MedBench: A Comprehensive, Standardized, and Reliable Benchmarking System for Evaluating Chinese Medical Large Language Models

Read original: arXiv:2407.10990 - Published 7/17/2024 by Mianxin Liu, Jinru Ding, Jie Xu, Weiguo Hu, Xiaoyang Li, Lifeng Zhu, Zhian Bai, Xiaoming Shi, Benyou Wang, Haitao Song and 9 others

💬

Overview

The paper introduces MedBench, a comprehensive benchmarking system for evaluating Chinese medical large language models (LLMs) before real-world deployment.
MedBench assembles the largest evaluation dataset (300,901 questions) covering 43 clinical specialties and performs multi-faceted evaluation on medical LLMs.
MedBench provides a standardized and fully automated cloud-based evaluation infrastructure with physical separations for questions and ground truth.
MedBench implements dynamic evaluation mechanisms to prevent shortcut learning and answer remembering.
Applying MedBench to popular general and medical LLMs yields unbiased and reproducible evaluation results aligned with medical professionals' perspectives.

Plain English Explanation

Before medical large language models (LLMs) can be used in the real world, it's crucial to ensure they work well and are good for humans. However, there isn't a widely accepted and accessible way to evaluate these models, especially in the Chinese context.

This research introduces a tool called MedBench. MedBench is a comprehensive, standardized, and reliable system for evaluating Chinese medical LLMs.

First, MedBench collects the largest dataset of medical questions (300,901 questions) covering 43 different medical specialties. This allows MedBench to thoroughly test the capabilities of medical LLMs.

Second, MedBench provides an automated cloud-based system to evaluate these models. This system keeps the questions and the correct answers physically separate, to prevent the models from simply memorizing the answers.

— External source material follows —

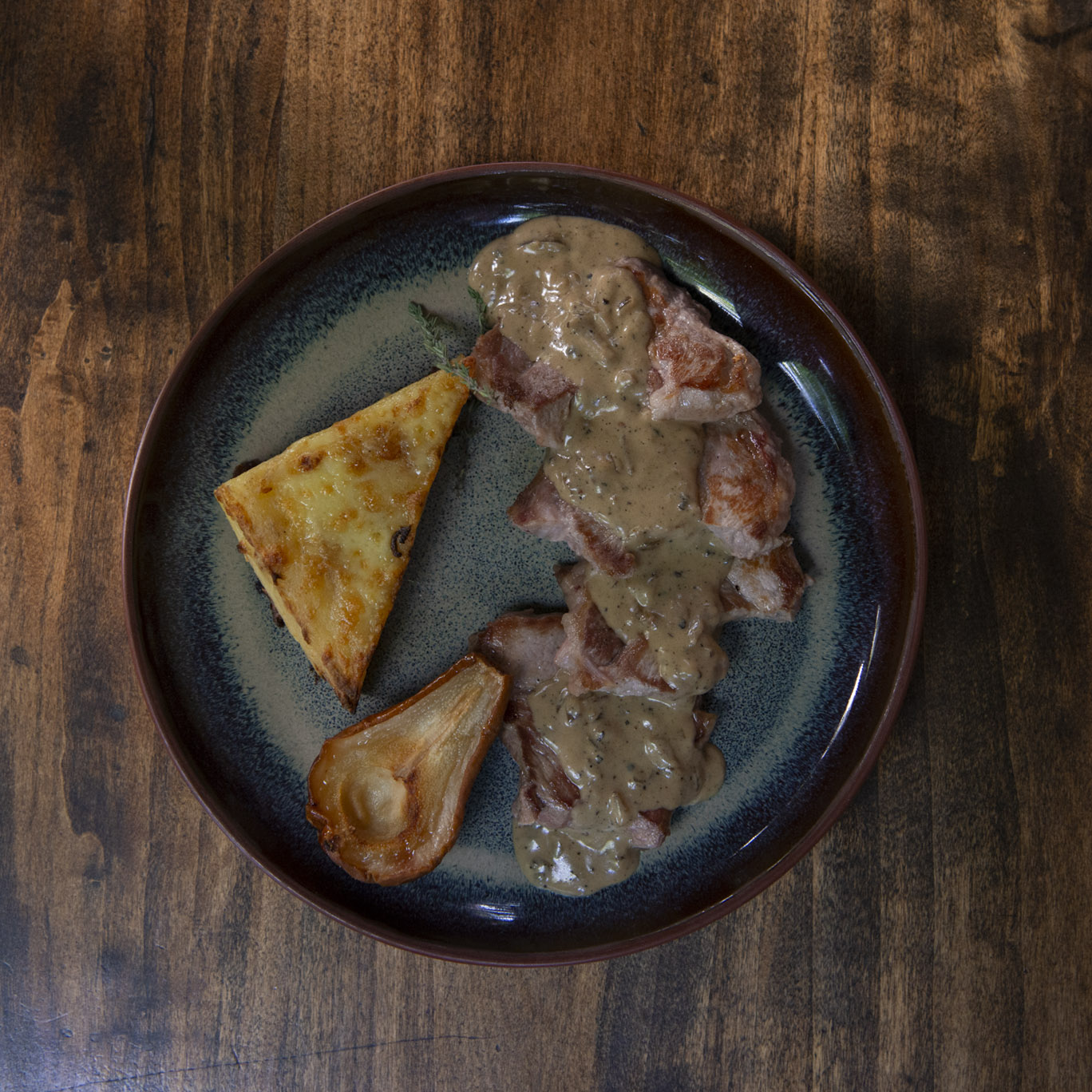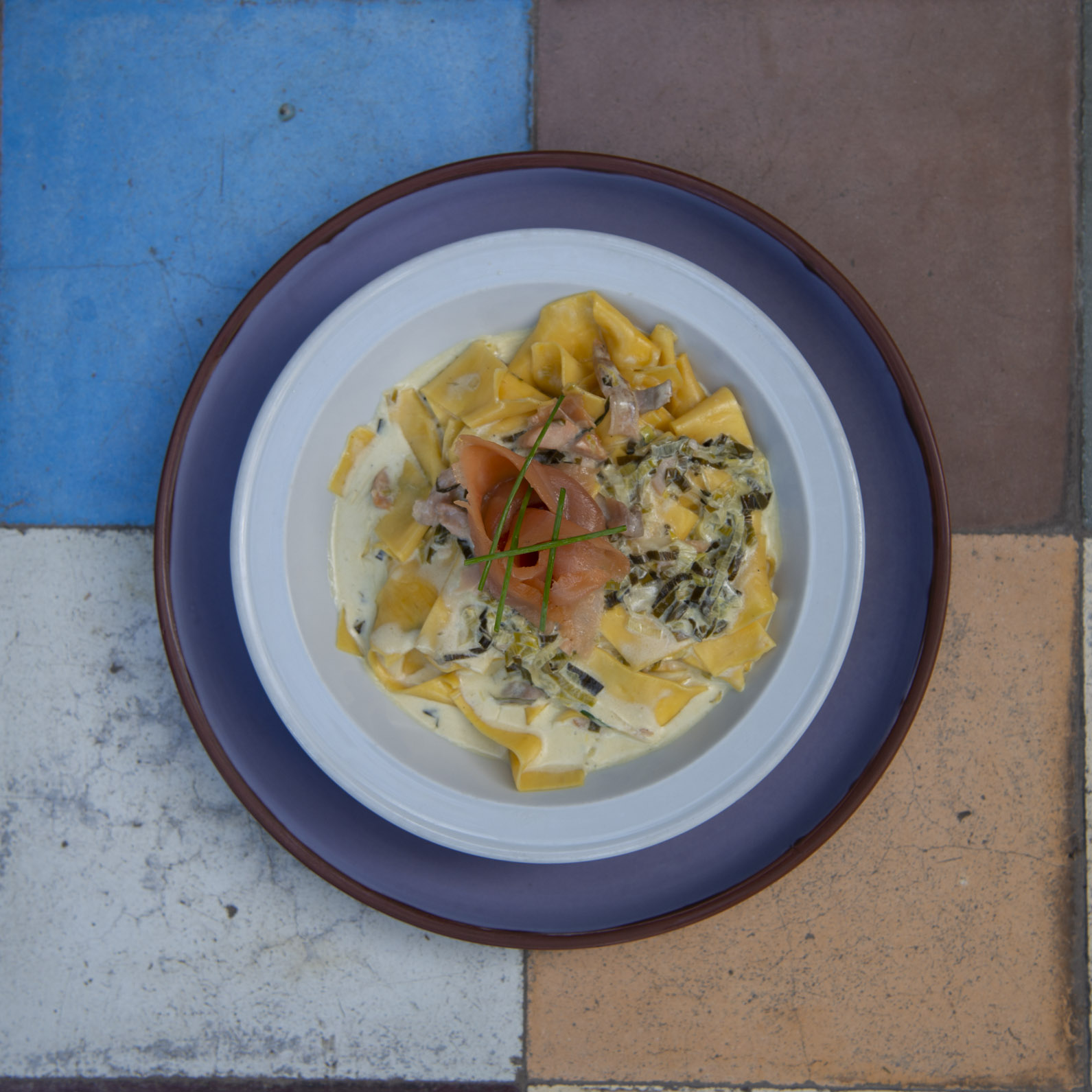 Y para el principal, eligió dos variantes. Pappardelle con salsa de crema, puerro y trozos de salmón ahumado integrado; plato terminado con una rosa de salmón y ciboulette. O, para los amantes del cerdo, una bondiola ahumada con salsa de pimienta acompañada de un milhoja de papas y pera de estación asada.

Third, MedBench has built-in mechanisms to stop the models from finding shortcuts or just remembering the answers. This ensures the evaluation results are unbiased and reliable.

When the researchers used MedBench to test popular general and medical LLMs, the results matched the perspectives of medical professionals. This shows MedBench is an important tool for preparing medical LLMs for real-world use.

Technical Explanation

The paper introduces MedBench, a comprehensive benchmarking system for evaluating Chinese medical large language models (LLMs) before real-world deployment.

MedBench first assembles the currently largest evaluation dataset, comprising 300,901 questions covering 43 clinical specialties. This broad coverage allows for multi-faceted evaluation of medical LLMs.

The paper then describes the standardized, cloud-based evaluation infrastructure of MedBench. This infrastructure physically separates the questions and ground truth, preventing models from simply memorizing the answers. MedBench also implements dynamic evaluation mechanisms to preclude shortcut learning.

Applying MedBench to evaluate popular general and medical LLMs, the researchers observe unbiased and reproducible results that largely align with medical professionals' perspectives. This establishes a strong foundation for the practical application of Chinese medical LLMs.

Critical Analysis

The paper provides a comprehensive and well-designed solution for evaluating Chinese medical LLMs through the MedBench system. However, the authors acknowledge that MedBench's evaluation dataset, while the largest of its kind, may still not cover the full breadth of medical knowledge.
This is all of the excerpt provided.